Harry and the Potters is the eponymous debut studio album by indie rock band Harry and the Potters, released on 21 June 2003. The album was inspired by the first four novels in the Harry Potter book series. It has been released on CD and digital download. In April 2003, the brothers wrote an entire album's worth of songs. The brothers split songwriting responsibilities between the two of them: Joe was responsible for songs dealing with Harry Potter and the Prisoner of Azkaban, whereas Paul was responsible for songs dealing with Harry Potter and the Chamber of Secrets. Harry and the Potters was recorded  at the DeGeorge Family Living Room in Massachusetts. According to Melissa Anelli, Paul wrote the majority of the instrumental tracks on his Casio keyboard, whereas Joe conceptualized most of the vocal tracks. Vocalist Paul DeGeorge later said, "We were pretty much writing songs and then recording them on the spot". This statement emphasizes the band's do-it-yourself amateurishness as an essential aspect of the album. In recording Harry and the Potters, the band aimed to release the album shortly before the fifth book in the Harry Potter series, Harry Potter and the Order of the Phoenix was released.
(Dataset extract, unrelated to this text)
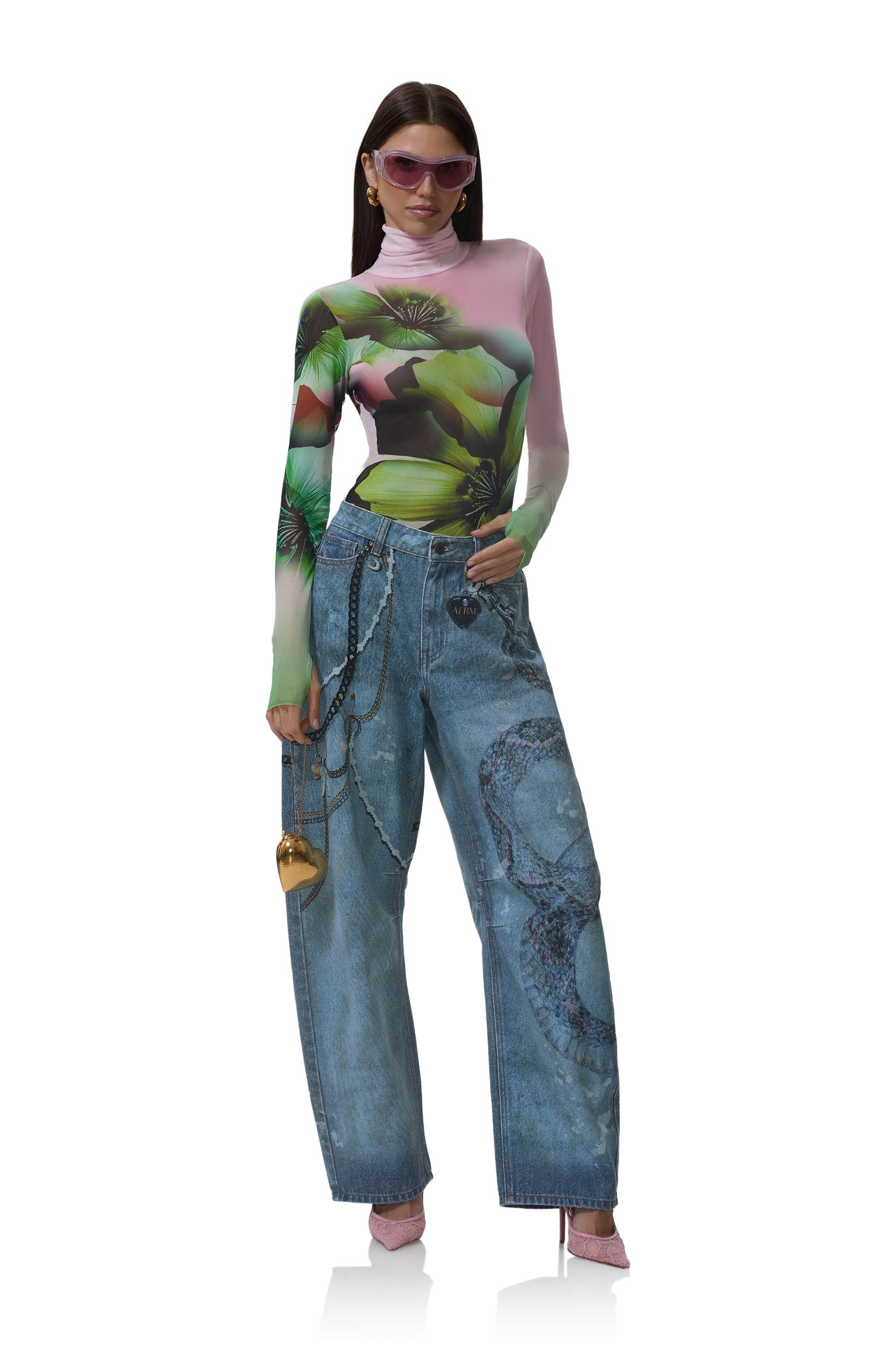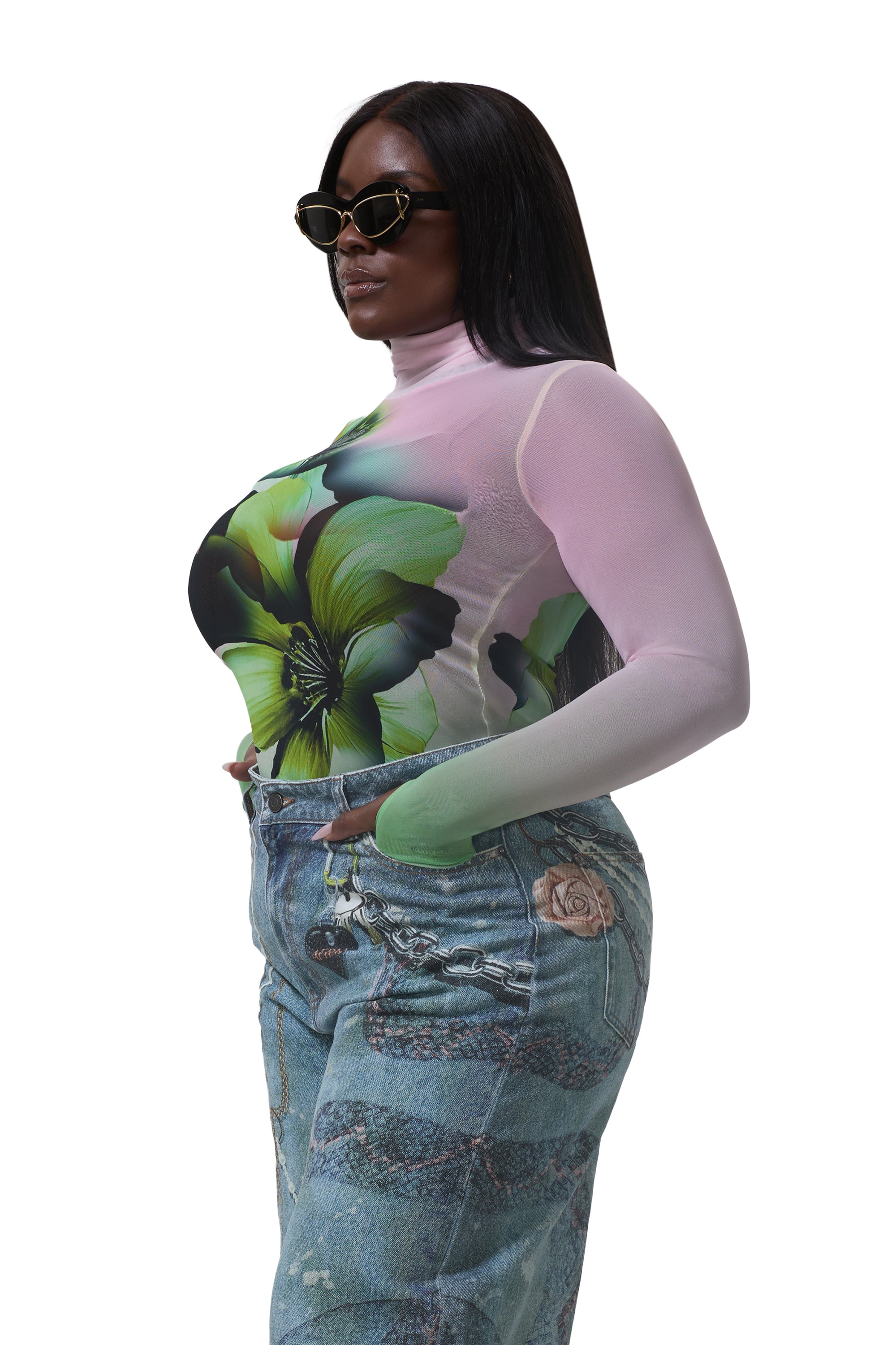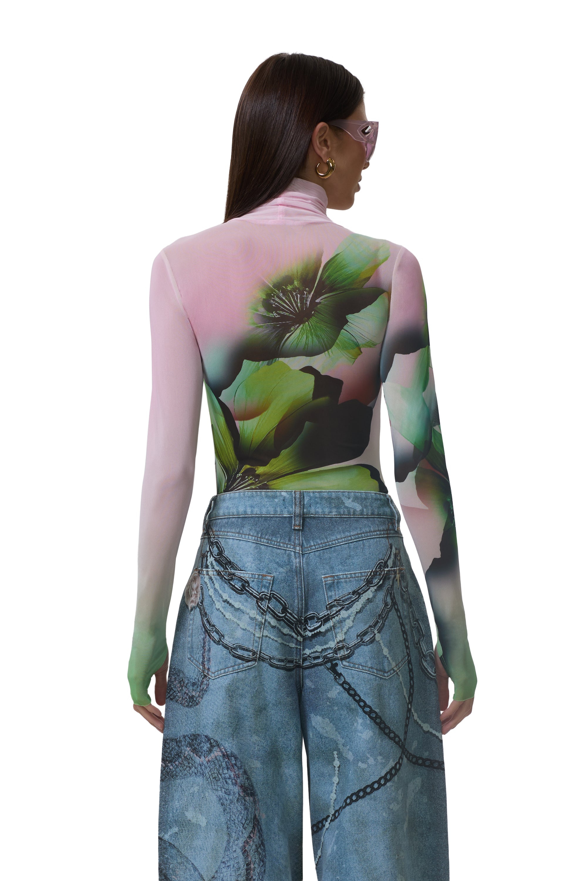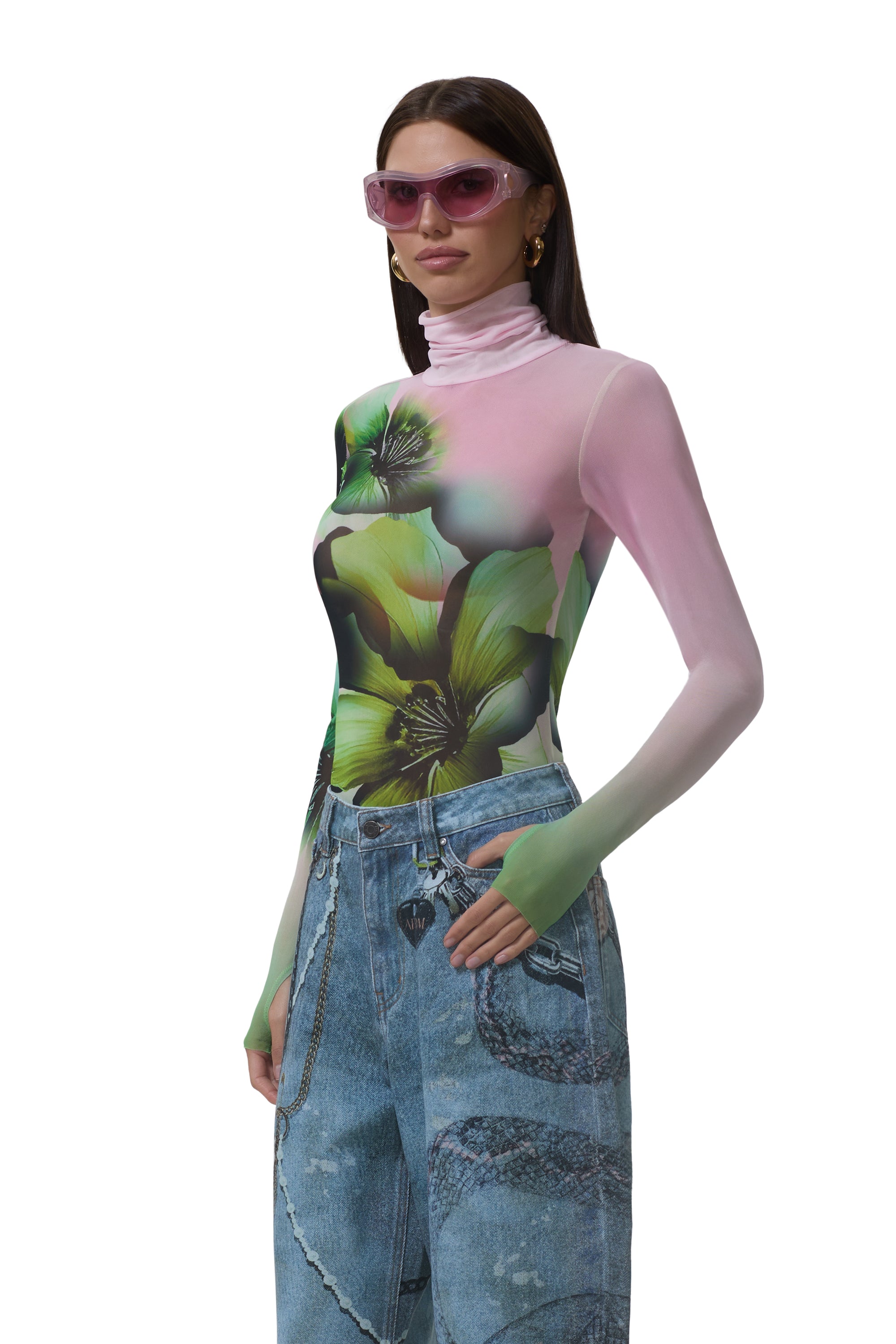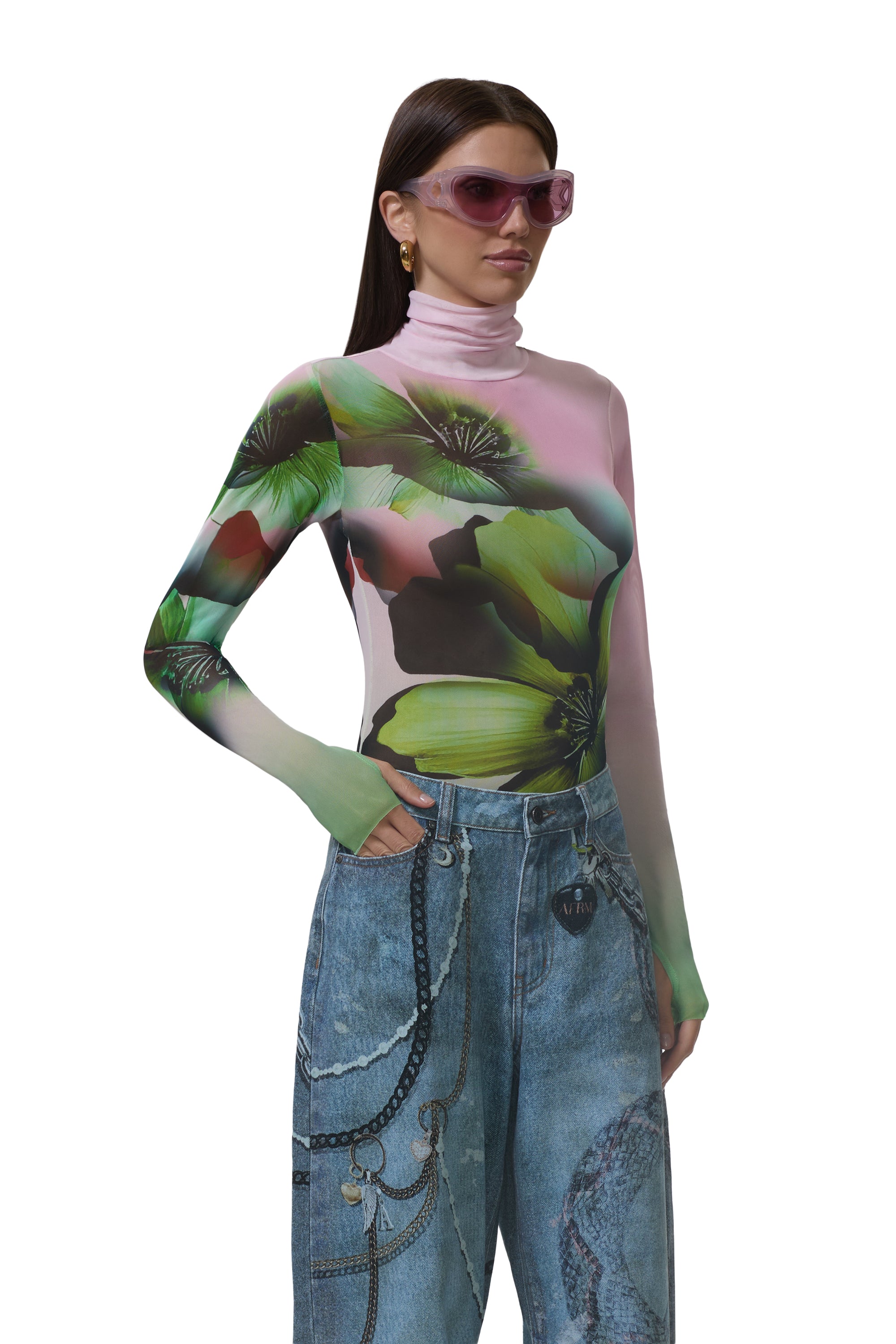 The Zadie top features a sheer mesh material and street-style thumbholes that lend an edgy update to off-duty style. She comes in Ombre Fleur.

According to Paul, "We were in a rush to get that stuff done before the 5th book release" and this instinct supports claims it took only two weekends to record the album. Despite the band's purported rush to finish the album, Paul and Joe worked particularly hard on the song "These Days are Dark." Paul DeGeorge used $1,200 of his own money to finance the pressing of the CDs.

Voldemort Can't Stop the Rock!

Voldemort Can't Stop the Rock! is the second studio album by indie rock band Harry and the Potters, released on July 1, 2004. The album was primarily inspired by the fifth novel in the Harry Potter book series.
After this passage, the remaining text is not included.